HOW TO COMPLETE THIS TASK.
An exact restatement of the data is required, with the images omitted.

DATASET EXTRACT.
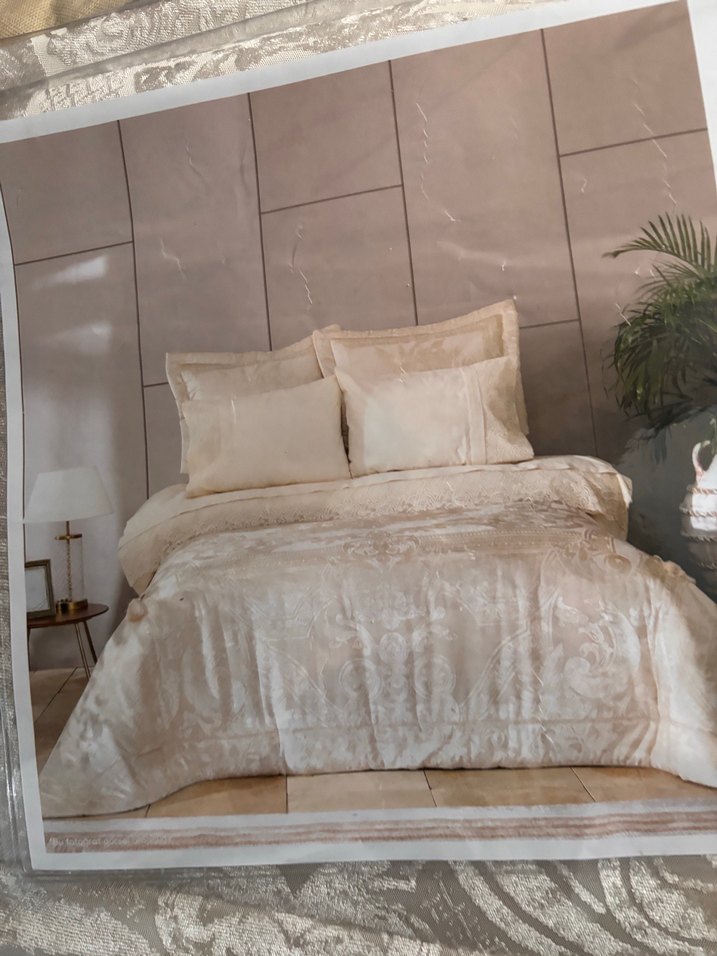 Krem desenli ve pürüzsüz yüzeye sahip yatak örtüsü. Her yatak odasına şık ve temiz bir görünüm katar.
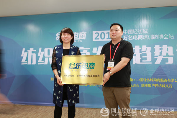 易纺电商通过“接牌授牌”仪式与网上轻纺城、全球纺织网达成战略合作,成为指定服务商
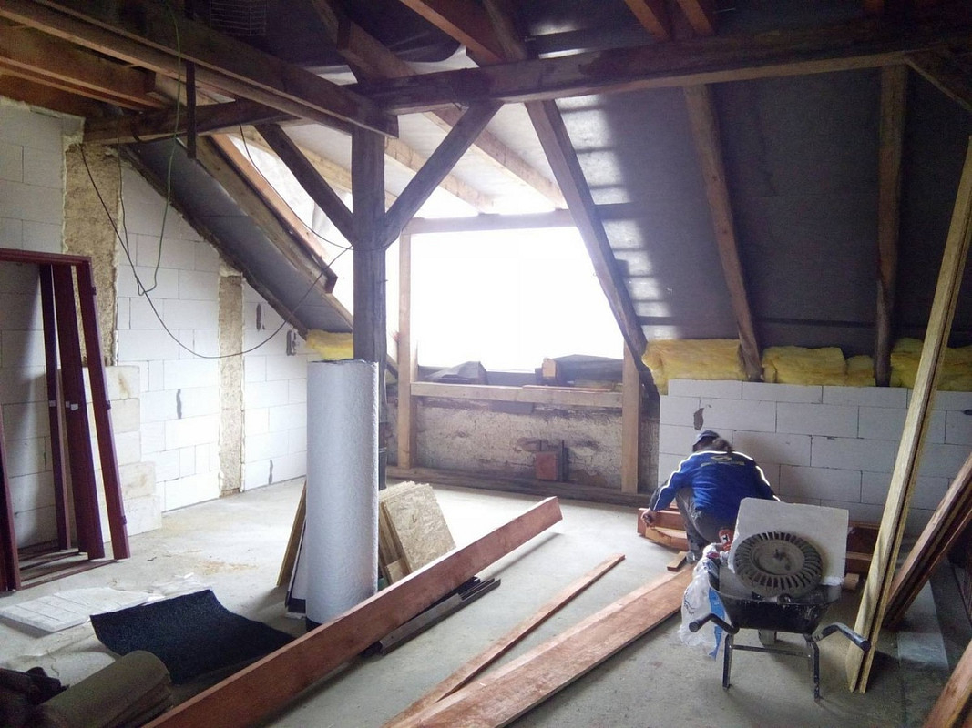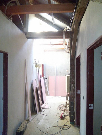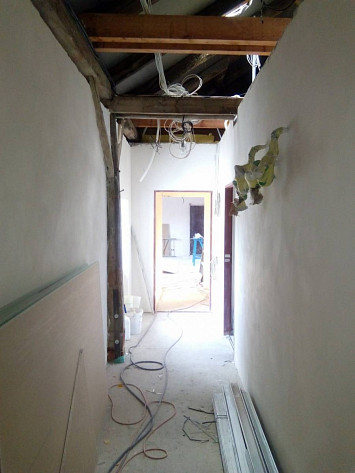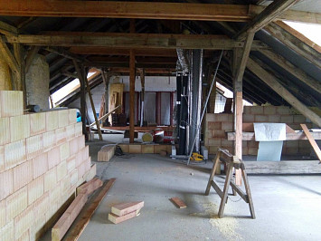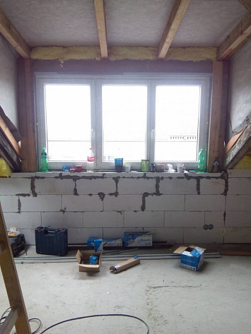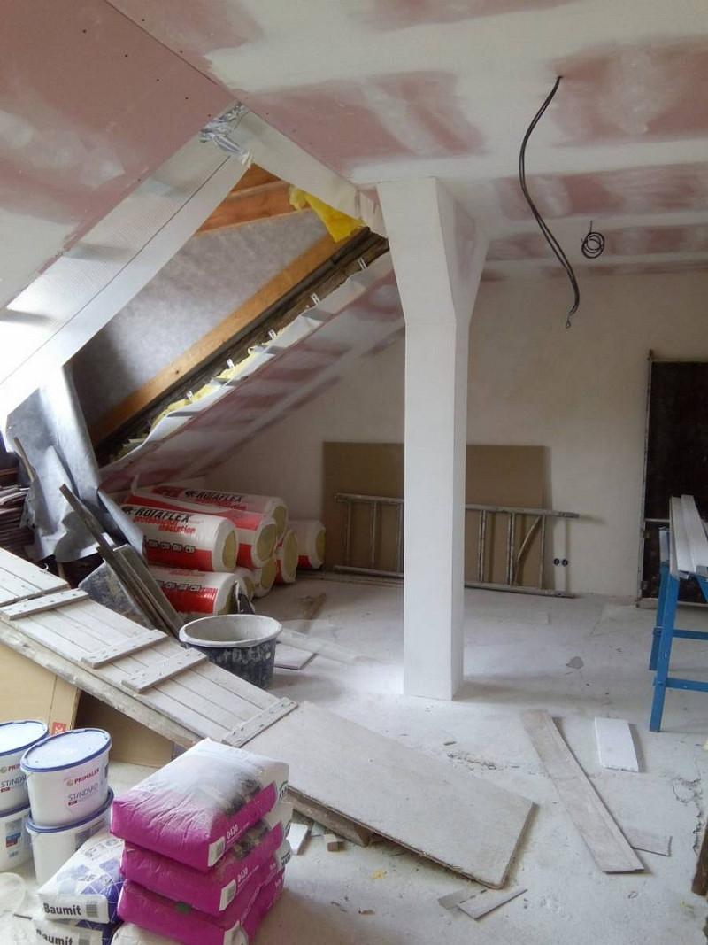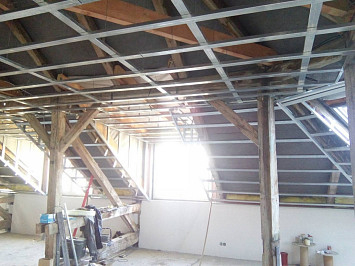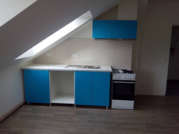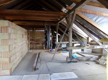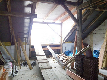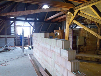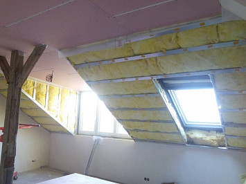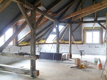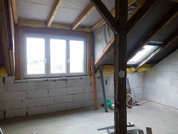 Půdní vestavba čtyř bytových jednotek na klíč v objektu Živnostenská 21, Plzeň. Kompletní realizace bytů včetně rozvodů a vybavení, 2015.
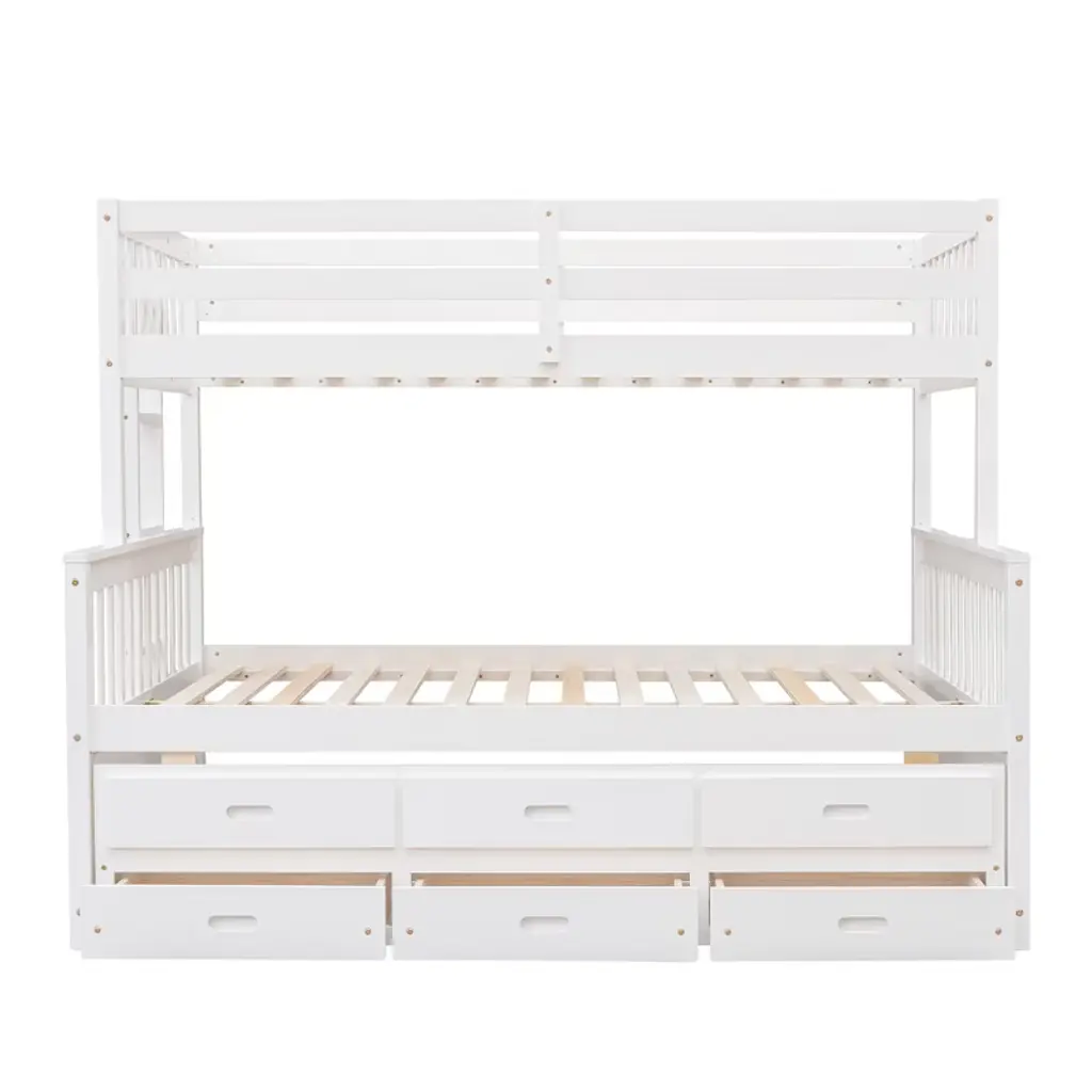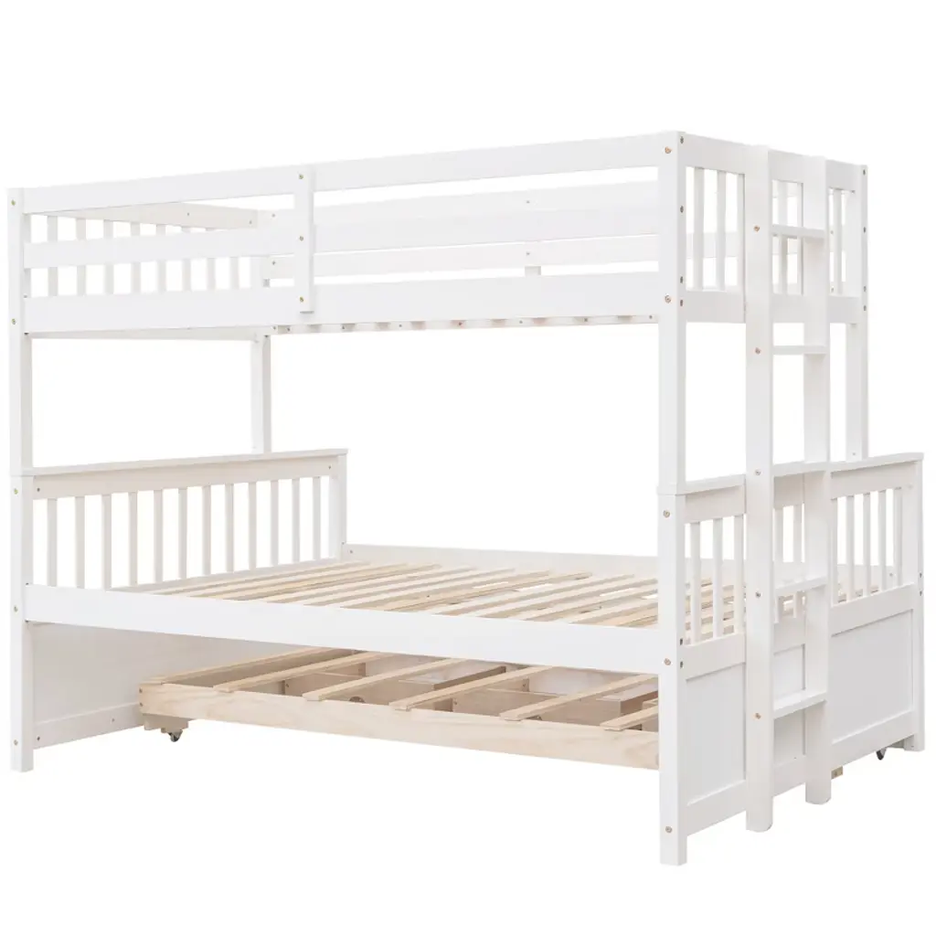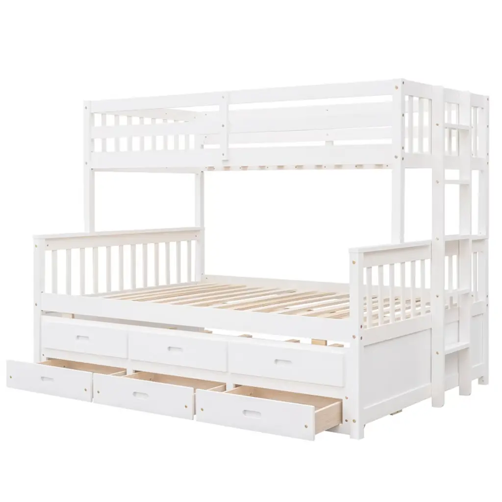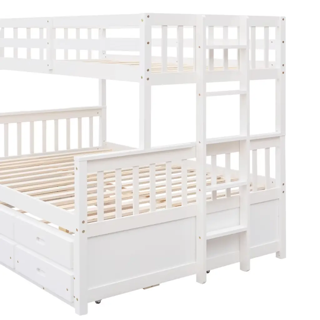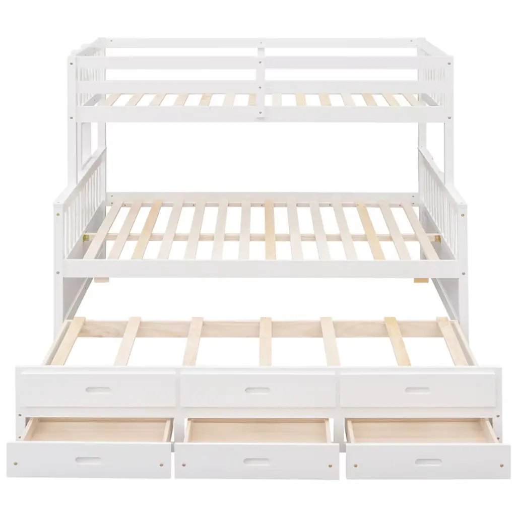 Twin Over Full Bunk Bed With Trundle And Drawers, Wood Separable Bunk Bed For Kid, White

SOLUTION FOR THIS PROBLEM.
 Krem desenli ve pürüzsüz yüzeye sahip yatak örtüsü. Her yatak odasına şık ve temiz bir görünüm katar.
 易纺电商通过“接牌授牌”仪式与网上轻纺城、全球纺织网达成战略合作,成为指定服务商
 Půdní vestavba čtyř bytových jednotek na klíč v objektu Živnostenská 21, Plzeň. Kompletní realizace bytů včetně rozvodů a vybavení, 2015.
 Twin Over Full Bunk Bed With Trundle And Drawers, Wood Separable Bunk Bed For Kid, White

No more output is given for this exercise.